§ **Supplied information**:
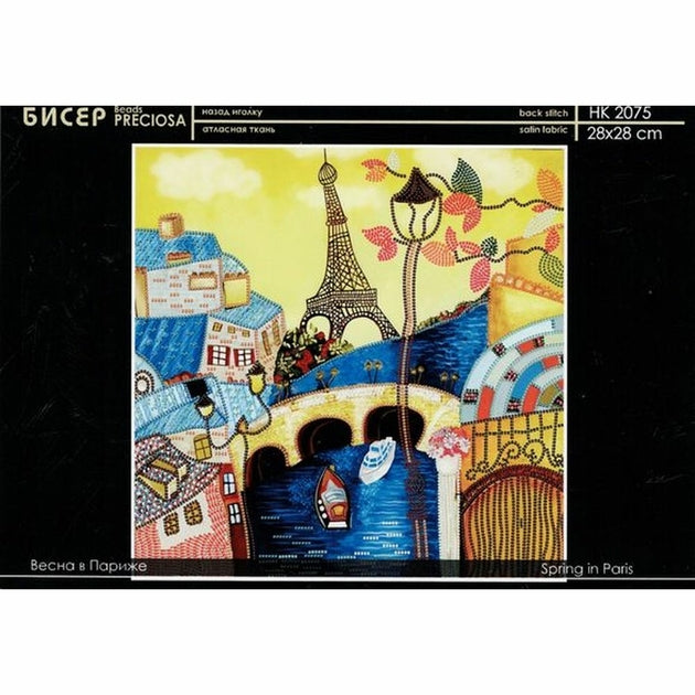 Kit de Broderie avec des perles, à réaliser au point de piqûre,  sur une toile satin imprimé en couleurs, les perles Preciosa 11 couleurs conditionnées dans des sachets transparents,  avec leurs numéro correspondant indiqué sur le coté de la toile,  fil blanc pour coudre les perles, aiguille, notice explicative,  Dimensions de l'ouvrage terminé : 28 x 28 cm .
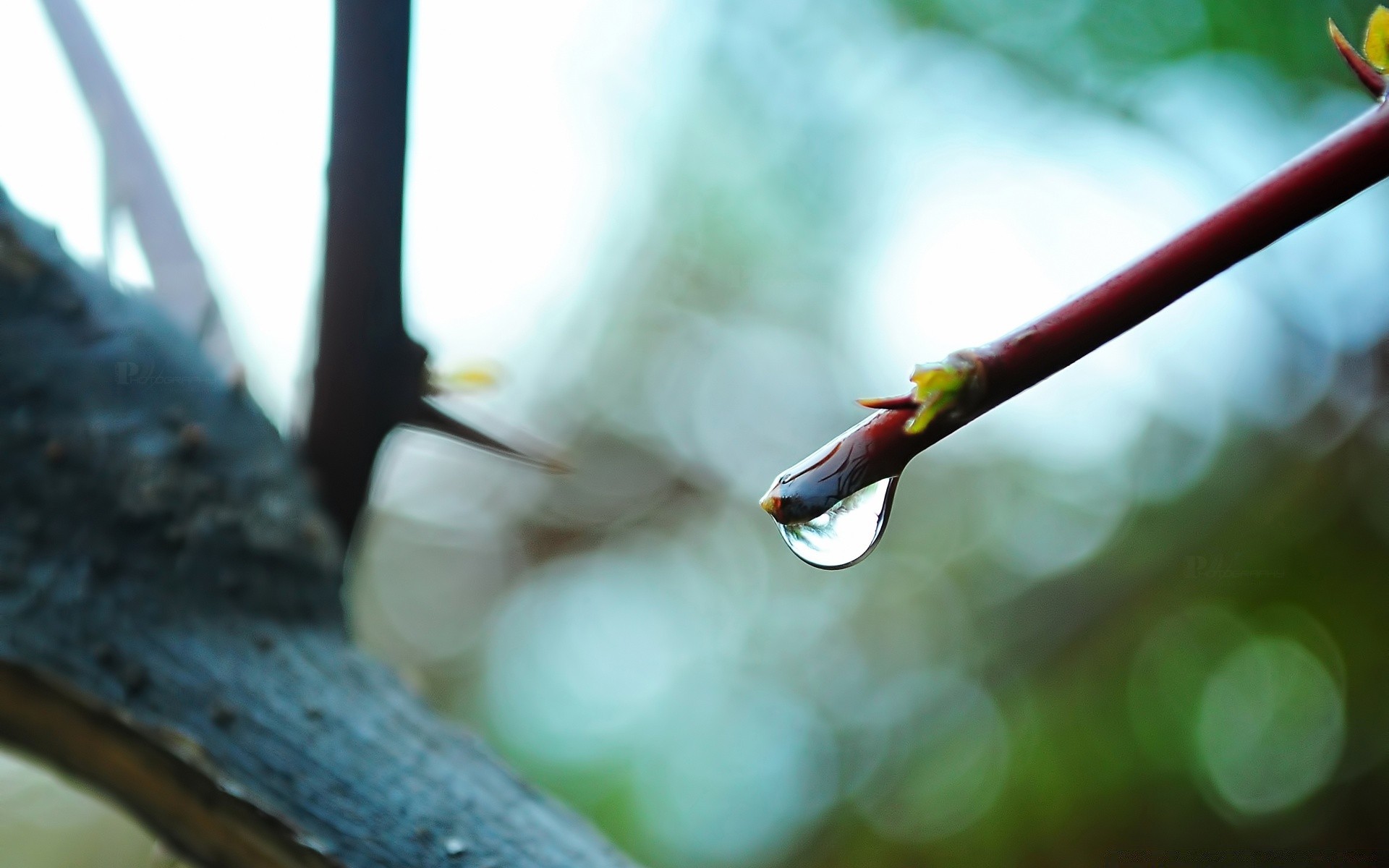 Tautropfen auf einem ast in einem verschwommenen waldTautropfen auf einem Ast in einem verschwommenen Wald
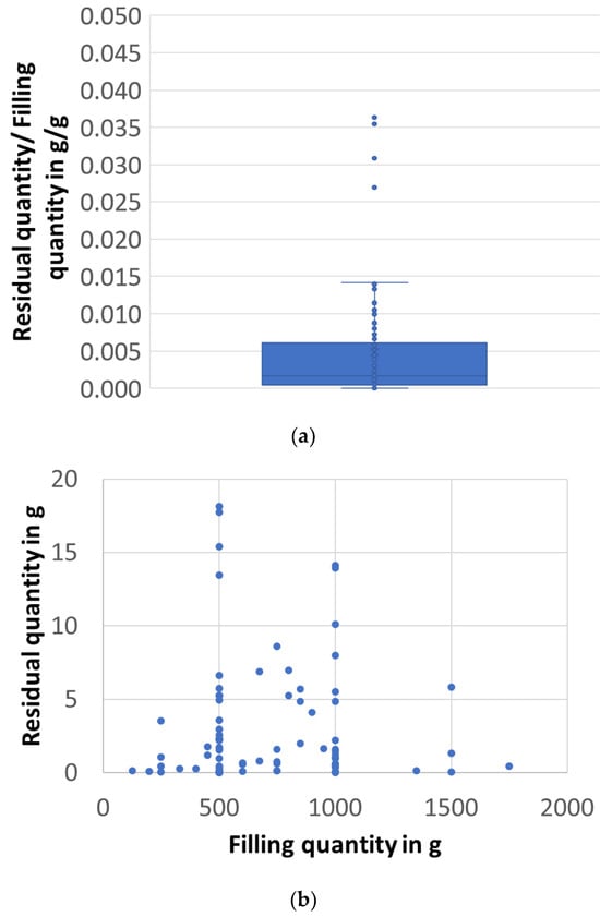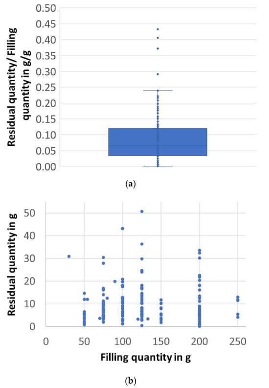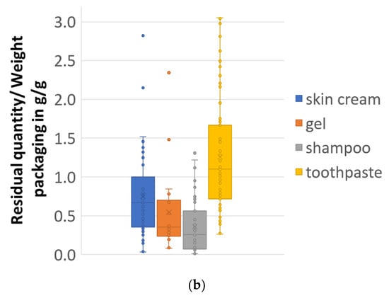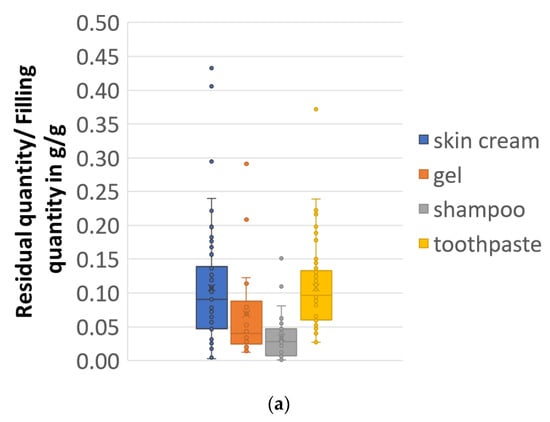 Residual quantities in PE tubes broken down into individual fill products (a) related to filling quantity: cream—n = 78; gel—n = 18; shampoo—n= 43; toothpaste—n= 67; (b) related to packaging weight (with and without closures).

§ **Assigned task**:
Leaving aside every picture, transcribe exactly the lines that run from the one with "Tautropfen auf einem ast in einem verschwommenen waldTautropfen" to the close of the listing above.

§ **Output for this task**:
 Tautropfen auf einem ast in einem verschwommenen waldTautropfen auf einem Ast in einem verschwommenen Wald
 Residual quantities in PE tubes broken down into individual fill products (a) related to filling quantity: cream—n = 78; gel—n = 18; shampoo—n= 43; toothpaste—n= 67; (b) related to packaging weight (with and without closures).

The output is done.